I had a similar issue, where I had to make a copy from production to our QA environment. We faced two problems:
- Firewall blocking all http(s) traffic between QA and production
- Snapshots are impossible due to heavy writes and Zookeeper setup timing out
So I created a solution by simply retrieving all documents on the production server via the select handler and dump this into a xml file, copy the files to the QA server and then put them in a location where the import could pick them up. To get this to work took me way too much time, which was due to both my lack of knowledge of SOLR and also because most examples on the interwebs are wrong and everybody is just copying each other. Hence I'm sharing my solution here.
My script to dump the documents:
#!/bin/bash
SOURCE_SOLR_HOST='your.source.host'
SOLR_CHUNK_SIZE=10000
DUMP_DIR='/tmp/'
indexesfile='solr-indexes.txt'
for index in `cat $indexesfile`; do
solrurl="http://${SOURCE_SOLR_HOST}:8983/solr/$index/select?indent=on&q=*:*&wt=xml"
curl "${solrurl}&rows=10" -o /tmp/$index.xml
numfound=`grep -i numfound /tmp/$index.xml | sed -e 's/.*numFound=\"\([0-9]*\)\".*/\1/'`
chunks=$(expr $numfound / $SOLR_CHUNK_SIZE )
for chunk in $( eval echo {0..$chunks}); do
start_at=$(expr $chunk \* $SOLR_CHUNK_SIZE )
curl "${solrurl}&rows=${SOLR_CHUNK_SIZE}&start=${start_at}" -o ${DUMP_DIR}solr/${index}_${chunk}.xml
done
rm /tmp/$index.xml
done
It's reading the indexes to dump from the solr-indexes.txt file, so you can define all indexes in there.

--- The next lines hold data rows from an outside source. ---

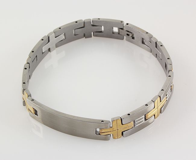 Mens 8.50" Two Tone Plated Stainless Steel ID Bracelet **|**|** Mens 8.50" Two Tone Plated Stainless Steel ID Bracelet ; MSRP: $400
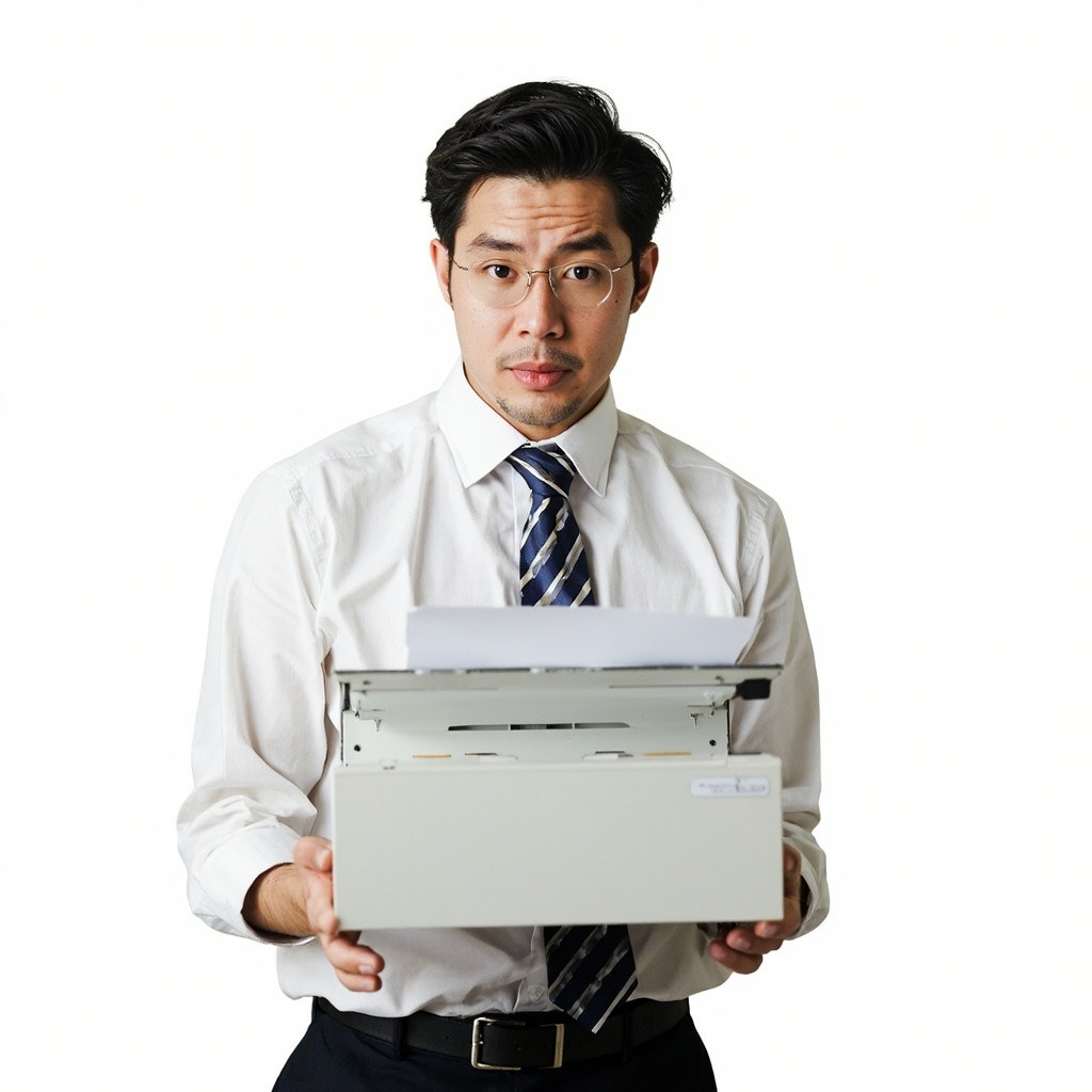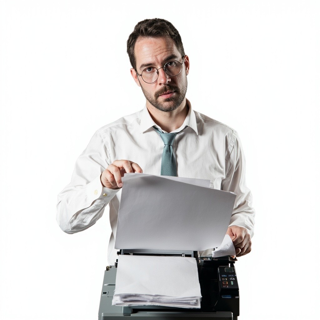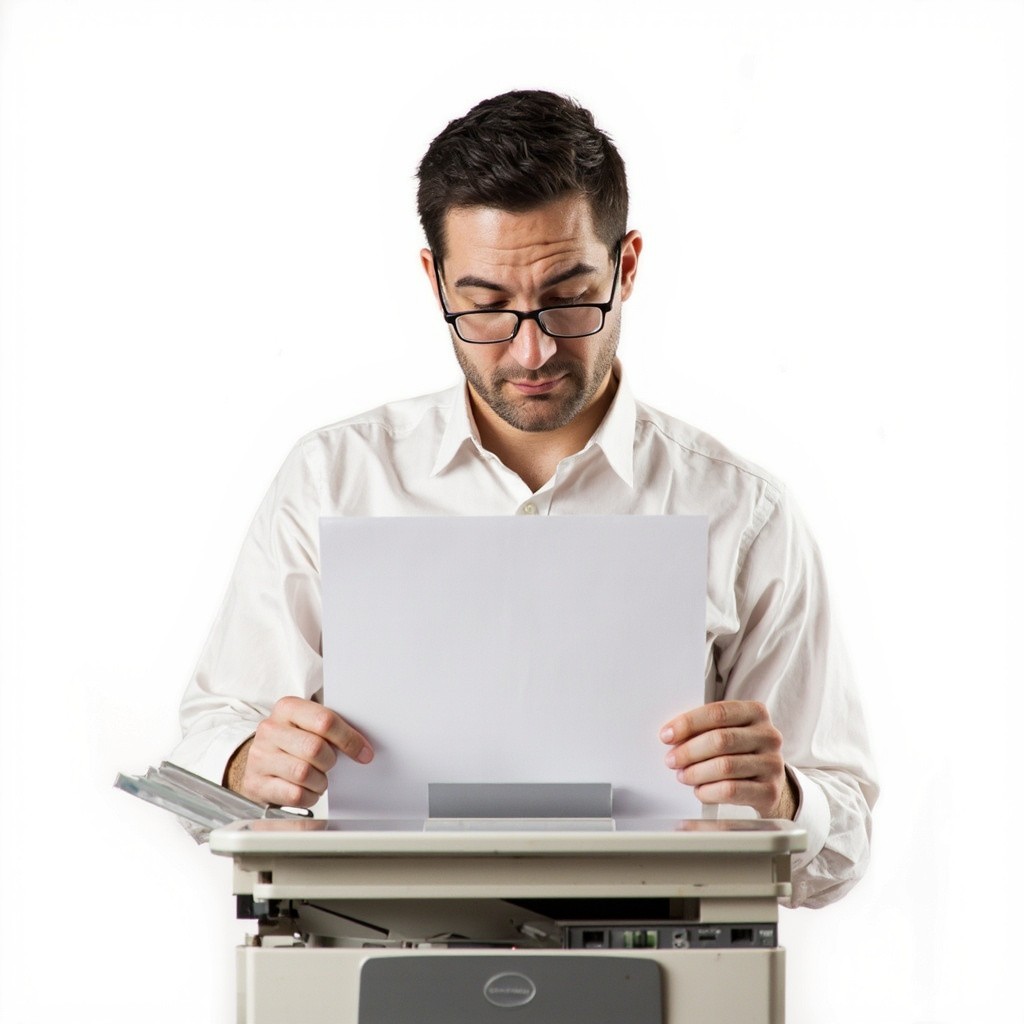 Person Making Photocopies on White Background
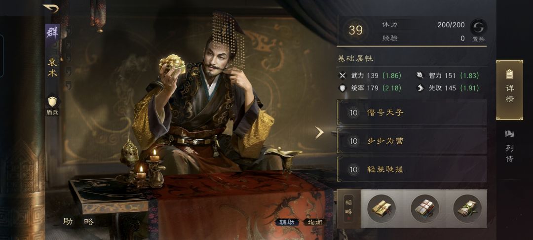 袁术战法:僭号天子+步步为营+轻装驰援。韬略库:临峰善本+分治善本+敌勇手抄。
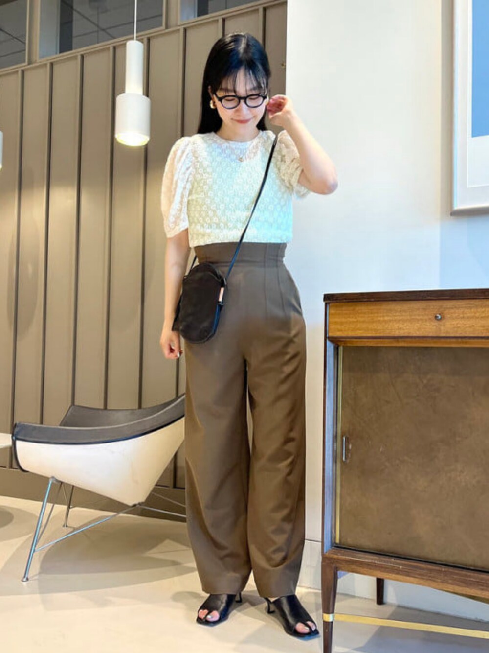 Ray BEAMS(BEAMS WOMEN)のTシャツ/カットソー「Ray BEAMS / フラワー レース ギャザー スリーブ Tシャツ」を使ったコーディネート
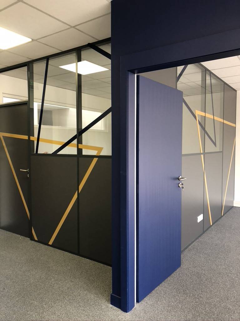 La vitrophanie est composée de bâtons graphiques en adhésif doré et bleu foncé, créant un rythme visuel élégant et moderne. Ce choix de couleurs renforce l’identité des bureaux tout en apportant une touche haut de gamme. L’impression a été réalisée dans notre atelier à l’aide de films adhésifs professionnels, garantissant une excellente tenue dans le temps et une finition irréprochable.
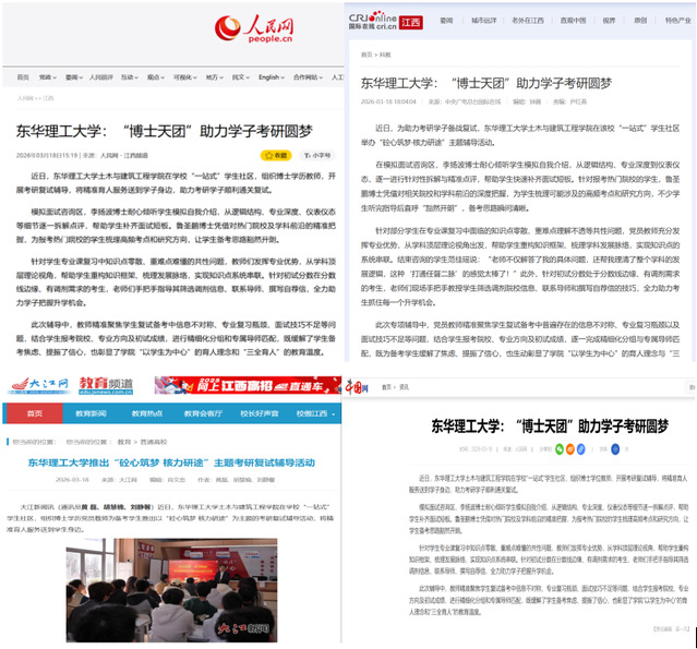 编者按:近日,东华理工大学土木与建筑工程学院在学校“一站式”学生社区,组织博士学历党员教师为备考学生推出以“砼心筑梦·核力研途”为主题的考研复试辅导活动人民网、国际在线、中国网、大江网等主流媒体对此进行报道,引发社会广泛关注。现将原文转载如下:
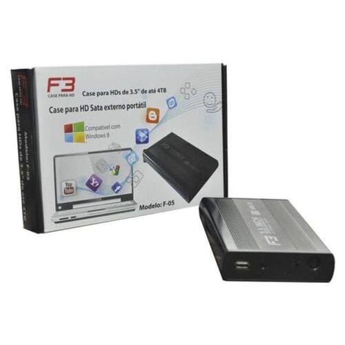 - 01x Case para HD Externo 3,5 Sata Usb 2.0 F05 - 01x Fonte de Alimentação - 01x Chave Philips - 01x Cabo USB 2.0

During one of my searches I ended up on this question and the answers here helped me a bit with the import, but not entirely. You see, the examples by Duvo and Segfaulter don't work if you copy-paste them into SOLR. For instance the requestHandler tag is ignored by SOLR if you don't use the correct case.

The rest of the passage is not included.